Re: Integration tests running on Docker

2019-11-07 Thread Joe Orton
On Thu, Nov 07, 2019 at 10:37:50AM +, Pluem, Ruediger, Vodafone Group wrote:
> r1868314

Ah, thank you!  Obviously I tested this locally first too but hadn't 
updated my test/framework directory... duh.

Should we use RTC or can I get an exception for 2.4.x travis 
integration?  I have a few more things to merge to trunk then can 
backport:

  https://github.com/apache/httpd/compare/2.4.x...notroj:travisify-2.4.x

Index: STATUS
===
--- STATUS  (revision 1869499)
+++ STATUS  (working copy)
@@ -125,6 +125,7 @@
 . non-Unix, single-platform code
 . routine APLOGNO() backports
 . .gdbinit
+. Travis integration: .travis.yml and test/travis*.sh
 
 RELEASE SHOWSTOPPERS:
 



Re: Integration tests running on Docker

2019-11-06 Thread Joe Orton
Has anybody seen t/modules/deflate.t and t/modules/brotli.t fail on 
Debian-ish distro?

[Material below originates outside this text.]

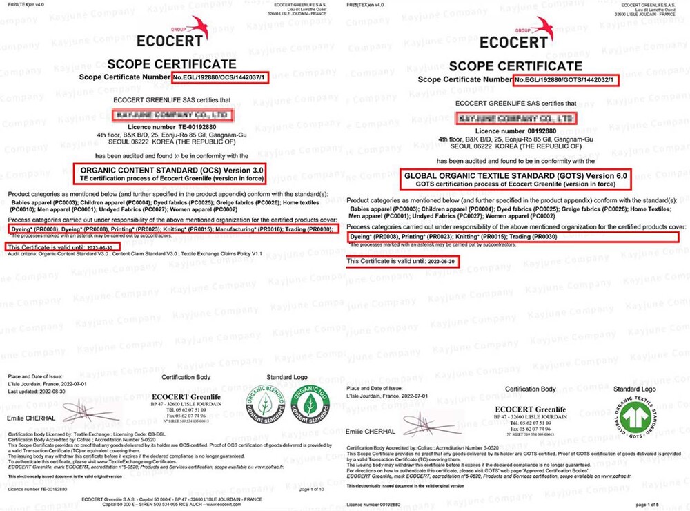 GOTS 인증 100% 오가닉 코튼 ![]()

I don't remember seeing this before but maybe it's something 
trivial?  t/TEST output -

https://travis-ci.org/notroj/httpd/jobs/608306769#L3244

(I'm trying to get Travis working in 2.4.x as well.)

Regards, Joe




Re: Integration tests running on Docker

2019-11-06 Thread Joe Orton
On Wed, Nov 06, 2019 at 10:54:56AM +0100, Luca Toscano wrote:
> I just noticed 
> https://docs.travis-ci.com/user/installing-dependencies/#installing-dependencies-on-multiple-operating-systems,
> so the 'addons' will be used by travis only if the os can use them (I
> was afraid of having windows and apt combined). The only thing that I
> would add to travis.yml are the ifs to separate
> before_install/script/etc.. for every os, I think that we should add
> windows as soon as possible.. Do we have a list of build commands to
> test in Travis?

I have no idea how to build on anything but Linux :) Someone could do 
osx too, travis supports that...

So it works for PRs and successfully failed for a bogus commit -

https://travis-ci.org/apache/httpd/pull_requests

This one is sensible?

https://github.com/apache/httpd/pull/71/commits/4a46327813e87f3d662e65361e6d9240ce855db5

I don't know if anything other than Linux can actually be tested like 
this tbh.  (Also trying to context switch between svn & git doing this 
stuff is going to melt my brain!)



Re: Integration tests running on Docker

2019-11-06 Thread Joe Orton
On Tue, Nov 05, 2019 at 10:06:23AM +0100, Luca Toscano wrote:
> Basically what Joe did, but following what the Apache Arrow Project
> did. There is a little bit of repetition, but in theory with this
> config people are free to add tests for other OSes (osx, windows) and
> I will probably be able to add custom ones with Docker to see the
> difference in execution timings etc.. (Apache Arrow's test do use
> docker, I didn't see it a first).

I haven't tried to follow all of what the Arrow .yml is doing (too much 
Java ;) but moving some of the logic into the repo itself out of 
.travis.yml seems like a good idea.  e.g. moving all of script: into 
something like ./test/travis_script_linux.sh or something for the Linux 
based tests, does that make sense?

This is working now -

https://travis-ci.org/apache/httpd/builds

and I guess it will work for forks and PRs too, haven't tried yet.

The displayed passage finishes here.